Repeat all the lines below exactly, but omit the pictures.

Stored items
● ● ● ● ●

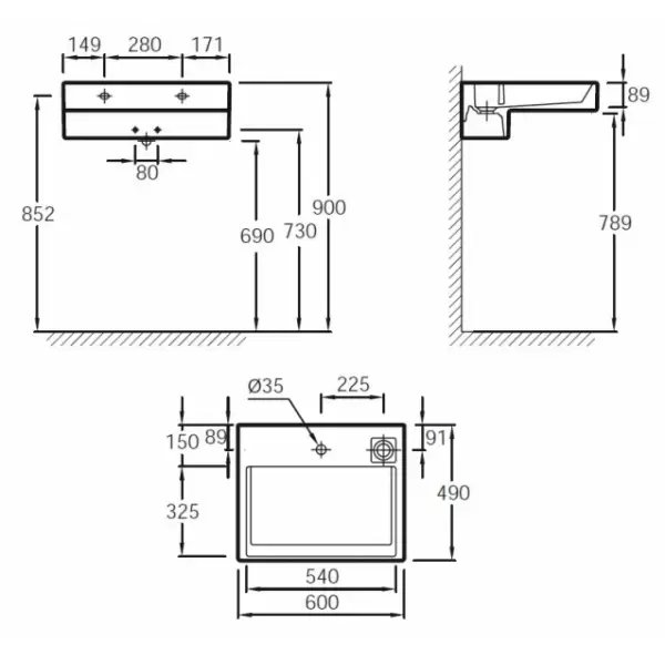 - 1 отверстие для смесителя, и 3 размеченных отверстия для сверления
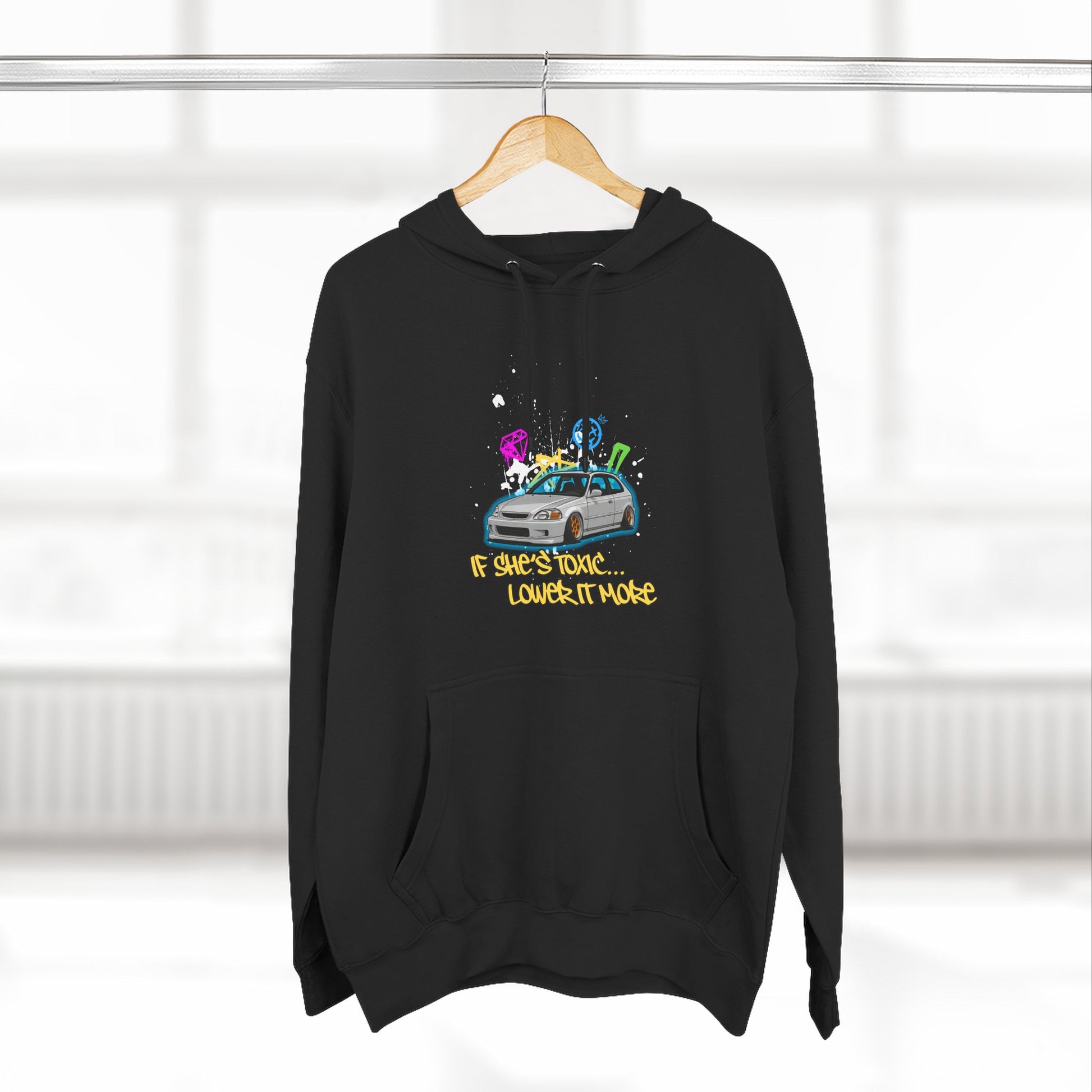 This bold hoodie features a stanced gray Civic EK Hatchback with a graffiti-style splash of color and the savage saying: “If she’s toxic… lower it more.” Perfect for anyone deep in car culture and not afraid to wear it loud.
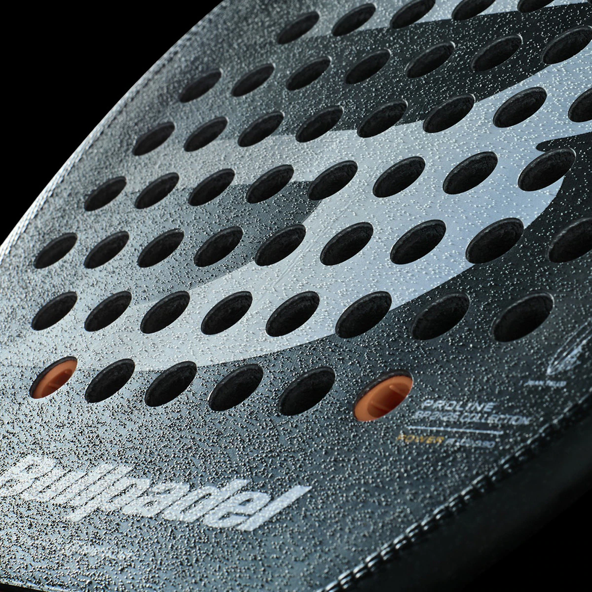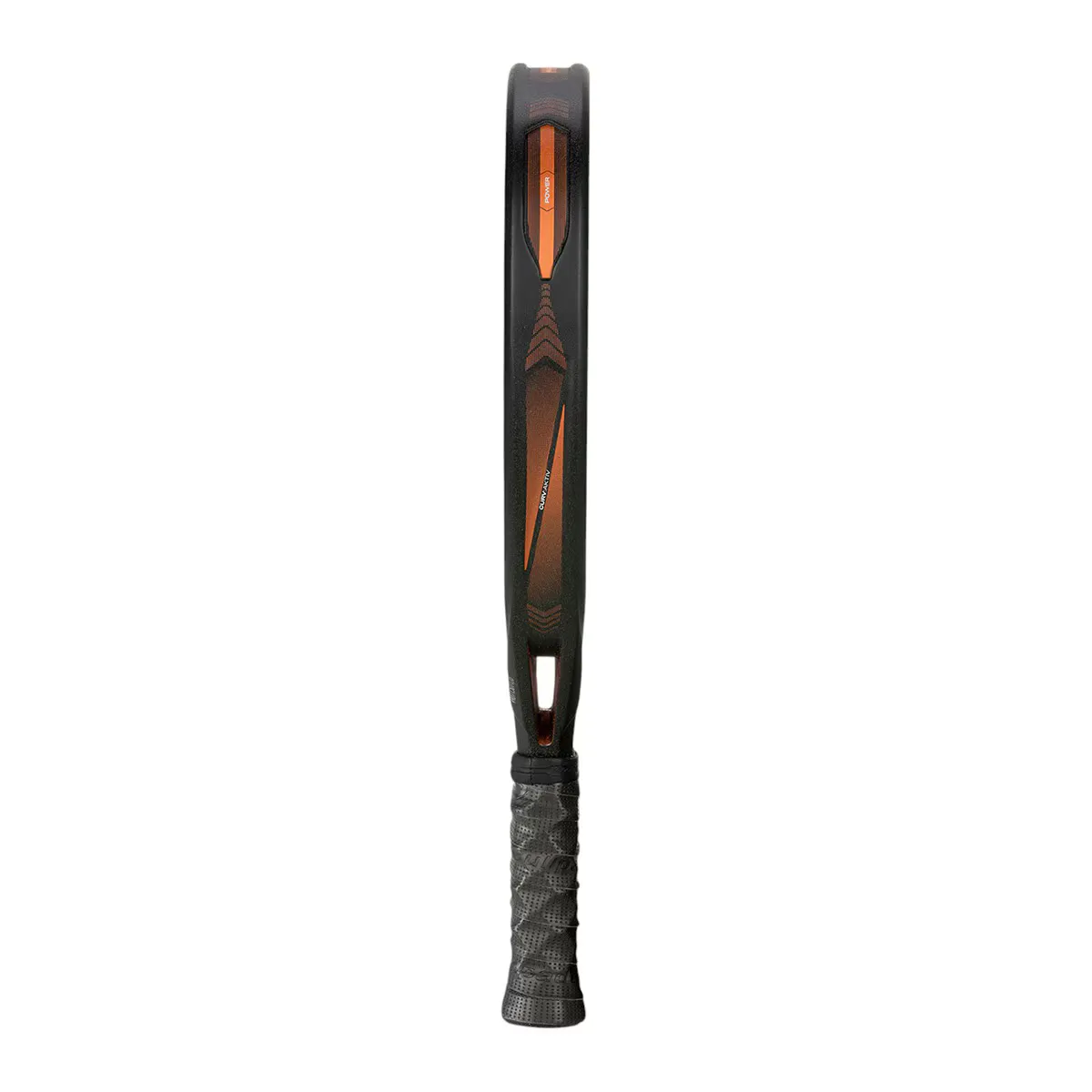 Новая Vertex 04 представляет собой ракетку в форме алмаза, с максимальной мощностью и шероховатой поверхностью Top Spin. Она разработана для профессиональных игроков или продвинутых. В ее конструкции реализованы два новых концепта: система CURVAKTIV. Ее закрученная структура обеспечивает дополнительную прочность к скручиваниям. Благодаря повороту ее сторон, мы можем вводить переменную секцию в боковую часть ракетки. Мы смогли уменьшить секцию по сравнению с рамкой vertex03, увеличив жесткость, но также добились того, что секция расширяется вдоль всей длины, обеспечивая более равномерную передачу напряжений по всей ракетке. Это лучшее распределение вибраций и усилий также поддерживается соединением CURVAKTIV с AIR POWER. AIR POWER является естественной эволюцией системы Air React Channel. Это канал, который мы создаем через полую деталь в нижней боковой части ракетки. Эта полая деталь работает лучше, чем массивная, так как, будучи сформированной из меньшего количества материала, она менее подвержена деформациям, что делает структуру более прочной. Внешний сердечник состоит из углерода Xtend Carbon 12K, его внутренний сердечник изготовлен из новой резины MultiEva, а также рамки CarbonTube из углеродного волокна 100%. Оснащен системой тяжелых пластин CustomWeight, позволяющей изменять баланс ракетки в зависимости от потребностей каждого игрока. Предусмотрена система Vibradrive для поглощения вибраций. Кроме того, имеется рукоятка Hesacore, которая снижает усилия, вибрации и вероятность травм.
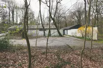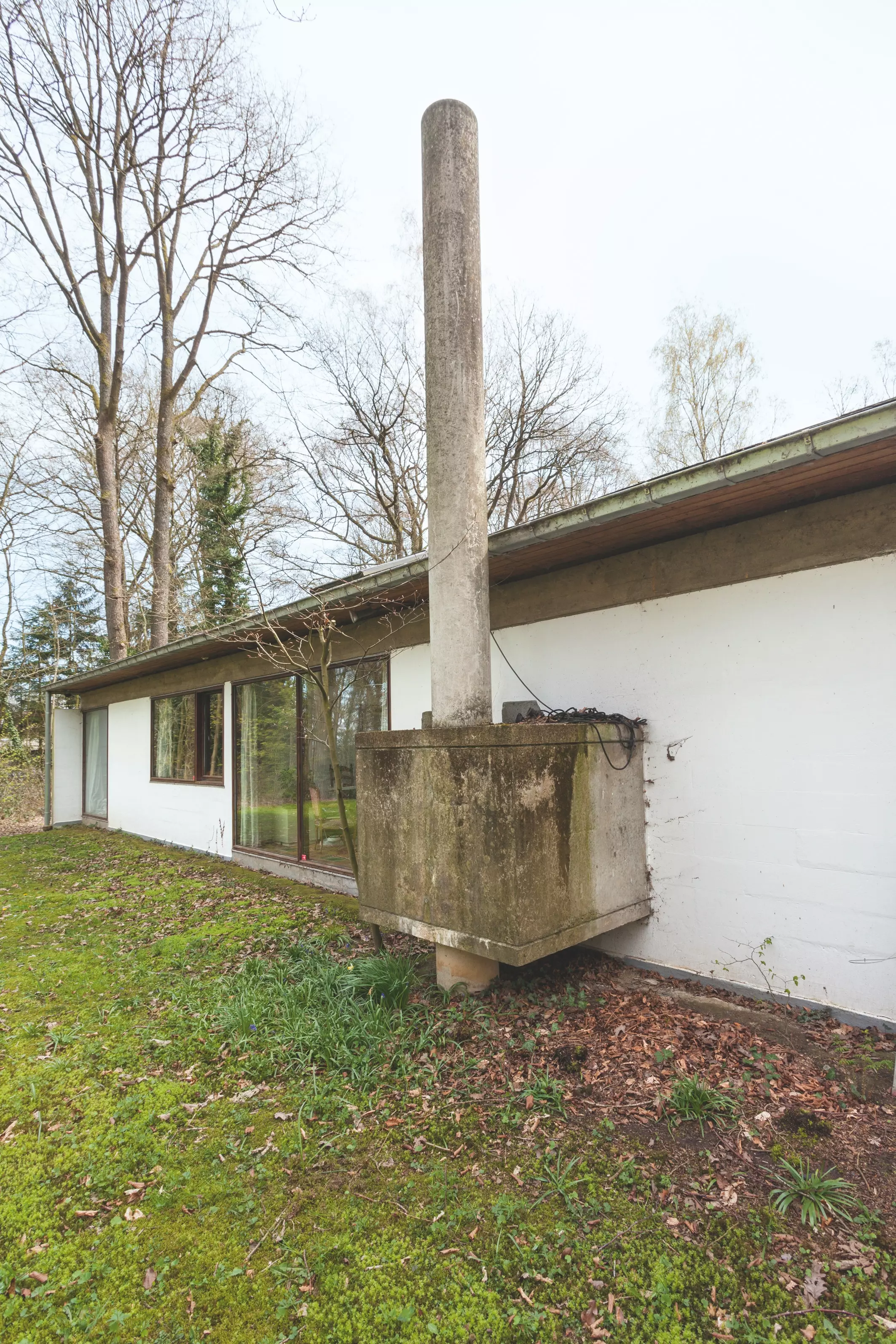 Les toitures à deux pentes des volumes principaux ont été imposées pour l'obtention du permis de bâtir. Elles sont en ardoises noires et sont supportées par des murs de façade monochrome de béton peint en blanc.
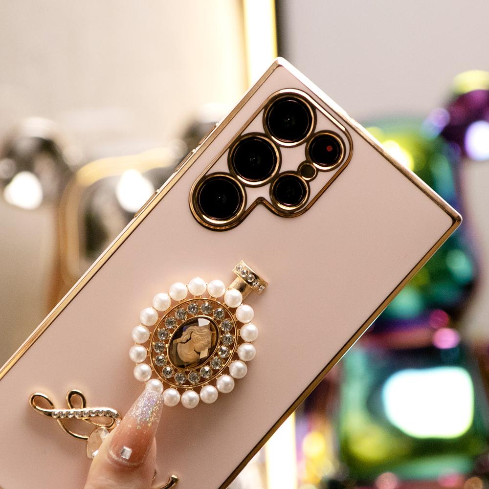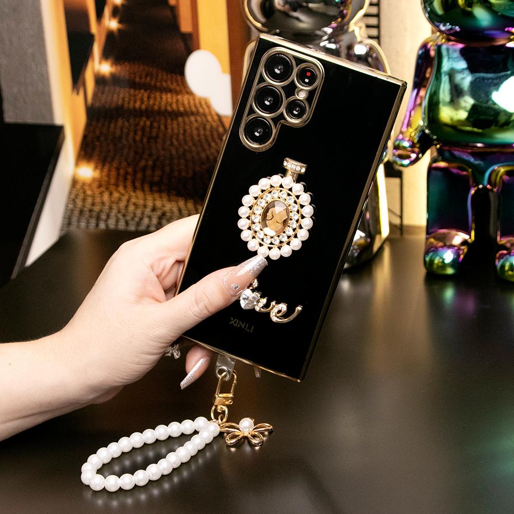 Pearl Perfume Bottle Plus Pearl Chain Plating Phone Case For Samsung S24Ultra S24FE S23 S22 S21 FE Plus Ultra Note 20
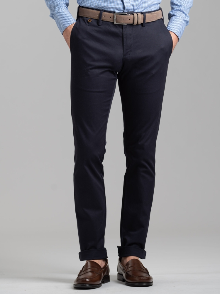 Pantalone uomo modello chino in cotone tricotina stretch tinto pezza, con passante in cintura con doppio bottone, dettagli sartoriali e finiture curate.

● ● ● ● ●

RESPONSE TO THE EXERCISE:
 - 1 отверстие для смесителя, и 3 размеченных отверстия для сверления
 This bold hoodie features a stanced gray Civic EK Hatchback with a graffiti-style splash of color and the savage saying: “If she’s toxic… lower it more.” Perfect for anyone deep in car culture and not afraid to wear it loud.
 Новая Vertex 04 представляет собой ракетку в форме алмаза, с максимальной мощностью и шероховатой поверхностью Top Spin. Она разработана для профессиональных игроков или продвинутых. В ее конструкции реализованы два новых концепта: система CURVAKTIV. Ее закрученная структура обеспечивает дополнительную прочность к скручиваниям. Благодаря повороту ее сторон, мы можем вводить переменную секцию в боковую часть ракетки. Мы смогли уменьшить секцию по сравнению с рамкой vertex03, увеличив жесткость, но также добились того, что секция расширяется вдоль всей длины, обеспечивая более равномерную передачу напряжений по всей ракетке. Это лучшее распределение вибраций и усилий также поддерживается соединением CURVAKTIV с AIR POWER. AIR POWER является естественной эволюцией системы Air React Channel. Это канал, который мы создаем через полую деталь в нижней боковой части ракетки. Эта полая деталь работает лучше, чем массивная, так как, будучи сформированной из меньшего количества материала, она менее подвержена деформациям, что делает структуру более прочной. Внешний сердечник состоит из углерода Xtend Carbon 12K, его внутренний сердечник изготовлен из новой резины MultiEva, а также рамки CarbonTube из углеродного волокна 100%. Оснащен системой тяжелых пластин CustomWeight, позволяющей изменять баланс ракетки в зависимости от потребностей каждого игрока. Предусмотрена система Vibradrive для поглощения вибраций. Кроме того, имеется рукоятка Hesacore, которая снижает усилия, вибрации и вероятность травм.
 Les toitures à deux pentes des volumes principaux ont été imposées pour l'obtention du permis de bâtir. Elles sont en ardoises noires et sont supportées par des murs de façade monochrome de béton peint en blanc.
 Pearl Perfume Bottle Plus Pearl Chain Plating Phone Case For Samsung S24Ultra S24FE S23 S22 S21 FE Plus Ultra Note 20
 Pantalone uomo modello chino in cotone tricotina stretch tinto pezza, con passante in cintura con doppio bottone, dettagli sartoriali e finiture curate.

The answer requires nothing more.